Writing sucks. A lot (of dick, if we’re going beyond PG here).
Writing takes me forever.
So that explains my absence. I can’t tell you how many times I’ve conjured up the “Add New Post” screen, only to look at the clock and realize two hours of writing would cut my sleeping time down immensely.
Writing a post means spending time away from the book I’ve been reading or the people I could get to know. Writing means solitude, a word and thing I’ve been trying to avoid as of late. Writing means having to pay close attention to detail and trying so very hard not to make a mistake I’m sure my “enemies” would call me out on Twitter for.
Three years of college and I’ve made some enemies, apparently. Imagine that.
I’ve spent the last couple days at home, watching my grandparents’ belongings get sold to strangers and Walnut trees fall in all their green-and-brown glory.
Some things are ending, but others are beginning. Like my life. My life, man.
Seven credits of college classes separate me from what I’m told is actually – this time – the “real world.” They had lied to me before when I graduated from high school. College isn’t the real world. College is the excuse I use for the drunken weekends and the hangover I have on Friday mornings that is too severe to make it through that morning’s class. But the professor understands when I email him. It’s college, after all.
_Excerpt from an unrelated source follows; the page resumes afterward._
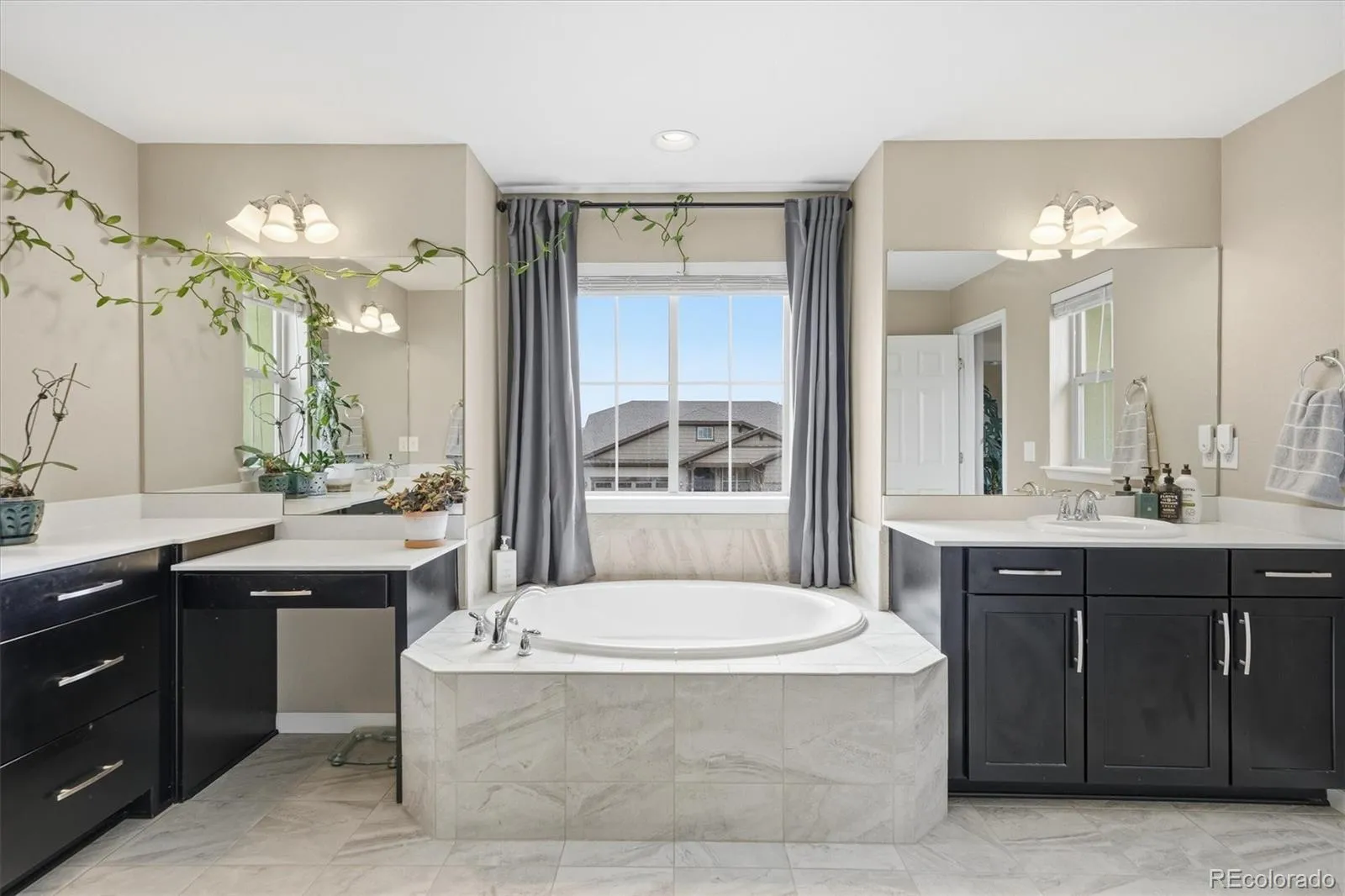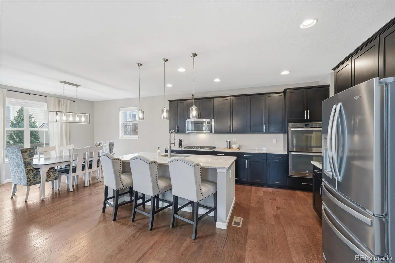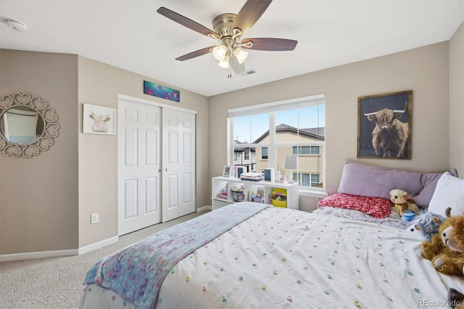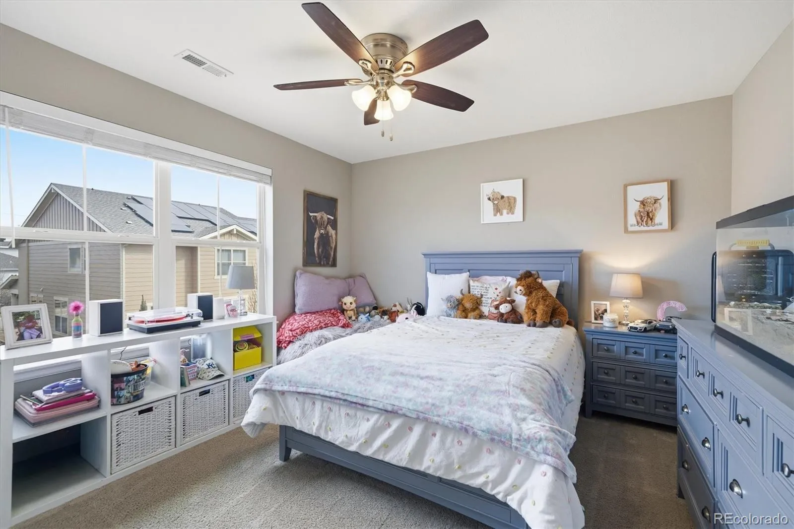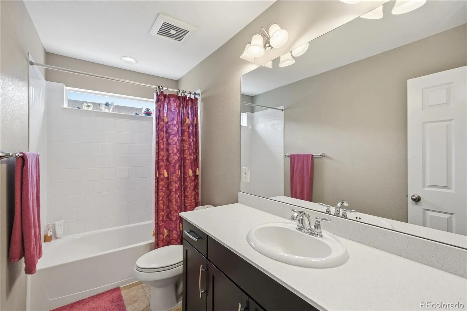 This stunning south-facing home welcomes you with soaring vaulted ceilings and an abundance of windows that fill the space with natural light. The spacious great room seamlessly connects to a beautifully designed open kitchen, perfect for cooking and entertaining. Featuring granite countertops, a large center island, tall espresso cabinetry, stainless steel appliances, a double oven, a generous pantry, and a casual eat-in dining area, the kitchen is both stylish and functional. An elegant double-sided electric fireplace creates a warm focal point between the dining room and great room. The dining area offers ample space for a large table, along with a convenient drink bar where guests can gather while cocktails or coffee are prepared. A standout feature of this home is the main-level bedroom paired with a ¾ bathroom, offering flexibility for guests or multi-generational living. Enjoy outdoor living from the wraparound covered porch with scenic mountain views overlooking the spacious side yard, or relax on the back porch just off the kitchen. Located in a quiet and welcoming cul-de-sac neighborhood, the home offers breathtaking sunset views over the Rockies. View of city lights from the master bathroom and south facing guest bedroom. Upstairs, the open design continues as the hallway overlooks the great room below. The expansive primary suite features tiered ceilings, a ceiling fan, and a luxurious en-suite bathroom. A large walk-in closet provides abundant storage and offers direct access to the laundry room for added convenience.

More than 30 credits separated me from life then. Now I’m down to seven. Seven credits. Seven.
I could graduate early. Get a job. Leave my friends. Get an apartment. Save money. Pay back my loans.
Writing is hard, yet I’m trying to make a career out of it.
A career that I can actually see now. A career where an email on Friday morning from a hungover Emily just won’t fly anymore. I’m more mature than most at my age, but I am having difficulty with accepting this.